I have a dataset and one of the text fields has short descriptions. The length of value varies.. from 10 to 50 characters.
In this field, I'm trying to parse out strings with a specific format.
For example,
Data value: SP001 Mar 2022 Operating expense --> Value I need to extract SP001
Data value: Fixed asset UI001 2022 --> Value I need to extract UI001
Basically the values I need to parse out have one of the formats below;
Since I don't know in which part of the description this string appears, I was hoping to use multiple RegEx formula to handle this complicated task.
I'm not good at using RegEx, it'll be greatly appreciated if you could help me out with this.
Thank you the great experts in the community. Please help!!!
Solved! Go to Solution.
@byung0917
Can you provide a sample input so we can test?
Here are some sample data. Sorry I wish I could attach Excel, but the security system in my network does not allow...
Description | Value I need |
Q1 NOR001 Mar 2022 Liability - LT - Change Liability | NOR001 |
Q3 NOR001 Mar 2022 Liability - LT | NOR001 |
NOR001 Mar 2022 Liability - LT - Interest | NOR001 |
NOR001 Mar 2022 Liability - LT - Liability Reversal | NOR001 |
NY012 Mar 2022 Liability - LT - Interest | NY012 |
MO007-SB-Reclass March Prepaid against Liability | MO007-SB |
DC005-Reclass March Prepaid against Liability | DC005 |
MO007-B-Reclass March Prepaid against Liability | MO007-B |
MO007-2-Reclass March Prepaid against Liability | MO007-2 |
CA021-2-Reclass March Prepaid against Liability | CA021-2 |
MO007-1-Reclass March Prepaid against Liability | MO007-1 |
CA029-Reclass March Prepaid against Liability | CA029 |
Fix MO007-4-Reclass March Prepaid against Liability | MO007-4 |
Fix MO007-5-Reclass March Prepaid against Liability | MO007-5 |
Fix MO007-6-Reclass March Prepaid against Liability | MO007-6 |
[A-Z]{2,3}-?\d{3}
This matches 2 or 3 UPPERCASE letters followed by one or zero dashes followed by three numbers.

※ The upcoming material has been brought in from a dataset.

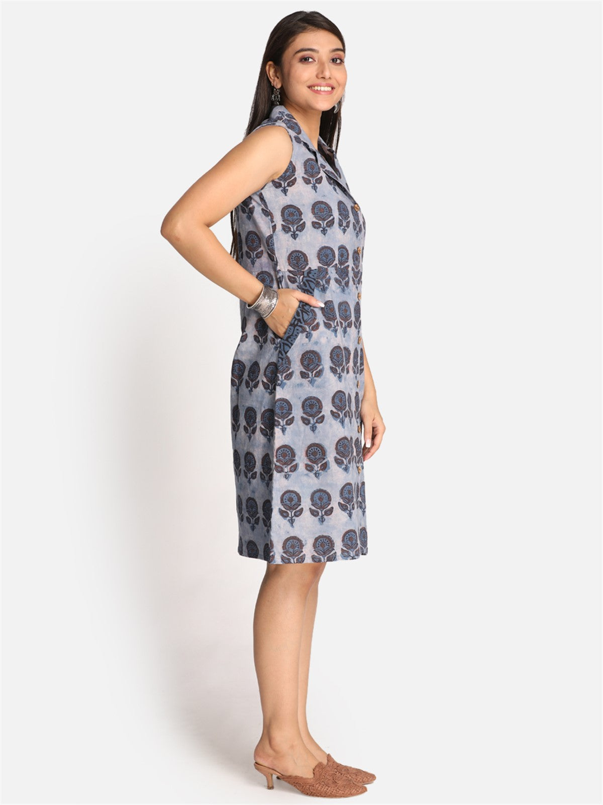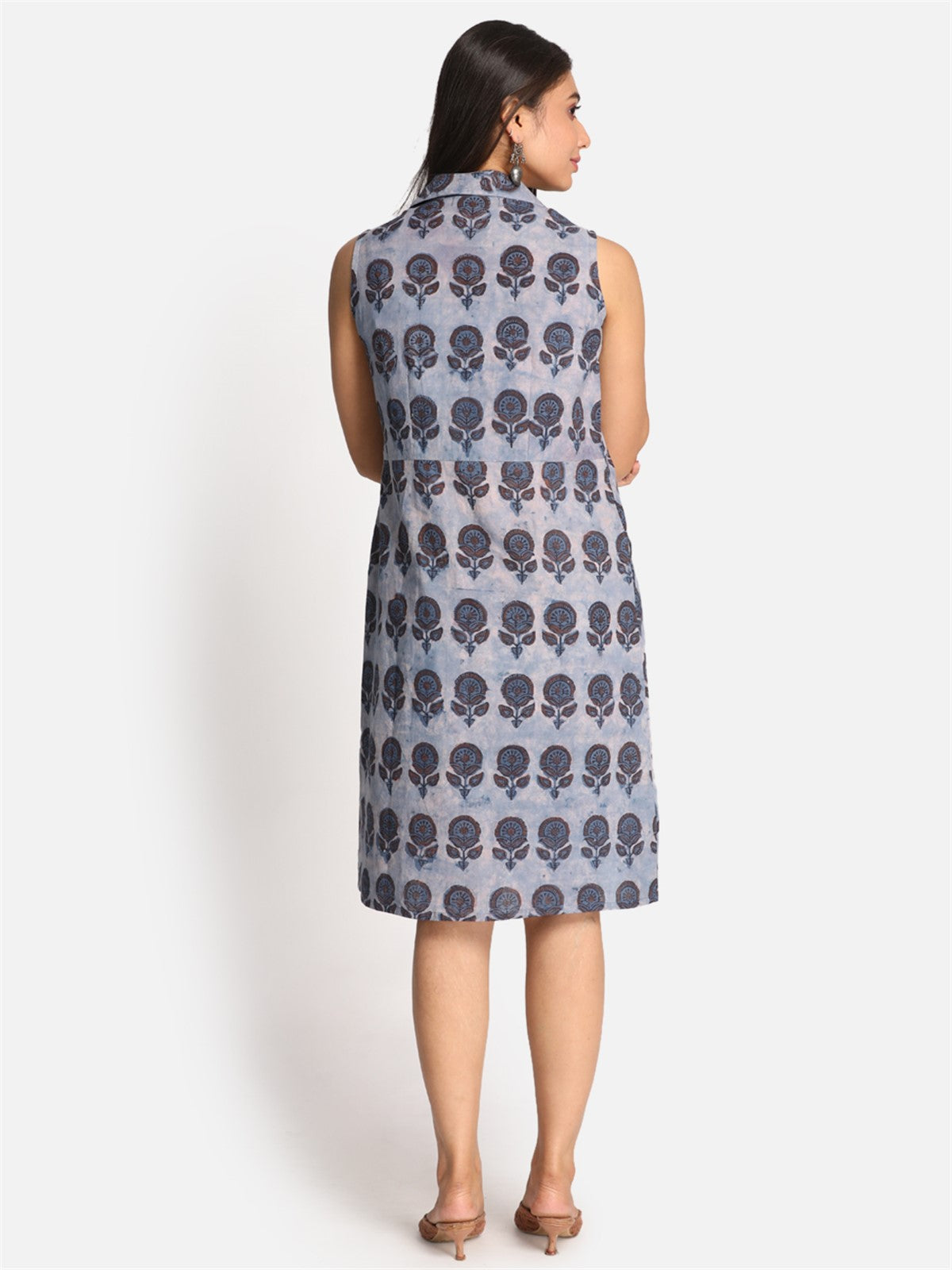 Discover the elegance of our Blue Ajrakh Print Cotton Shirt Collar Sleeveless Dress. Perfect for any occasion, this dress combines comfort with style.

This matches most of your use-cases
it doesn't match your last two
Which is harder.
I think [A-Z]{2,3}-?\d{3}-?\d?\d? would do it, but you don't haveany test cases in your sample for that.

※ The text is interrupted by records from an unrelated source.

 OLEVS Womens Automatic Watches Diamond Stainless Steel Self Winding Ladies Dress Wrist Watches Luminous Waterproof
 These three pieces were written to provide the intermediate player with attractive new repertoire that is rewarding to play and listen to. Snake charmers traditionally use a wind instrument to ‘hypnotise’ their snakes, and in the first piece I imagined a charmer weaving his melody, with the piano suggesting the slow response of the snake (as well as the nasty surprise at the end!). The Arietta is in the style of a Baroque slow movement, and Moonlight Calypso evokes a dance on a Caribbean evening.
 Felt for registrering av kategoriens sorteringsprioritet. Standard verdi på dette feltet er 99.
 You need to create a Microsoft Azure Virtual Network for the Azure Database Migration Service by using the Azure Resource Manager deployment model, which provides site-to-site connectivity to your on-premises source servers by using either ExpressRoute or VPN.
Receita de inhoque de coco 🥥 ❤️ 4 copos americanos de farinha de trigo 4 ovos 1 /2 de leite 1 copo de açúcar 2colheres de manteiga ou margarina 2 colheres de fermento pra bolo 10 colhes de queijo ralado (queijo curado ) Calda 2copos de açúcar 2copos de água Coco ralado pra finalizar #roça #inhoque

Also you sample has MO007-B and MO007-SB. Neither of which matches your initial use cases.
So then I got to
[A-Z]{2,3}-?\d{3}-?[A-Z1-9]?[A-Z1-9]?
Which seems to work EXCEPT it adds a hyphen R on the next of rows like CA029-Reclass March Prepaid against Liability because it sees the -R as being like the rest of the patterns.
So, yeah. This is close but not quite there. Hopefully it gets you somewhere.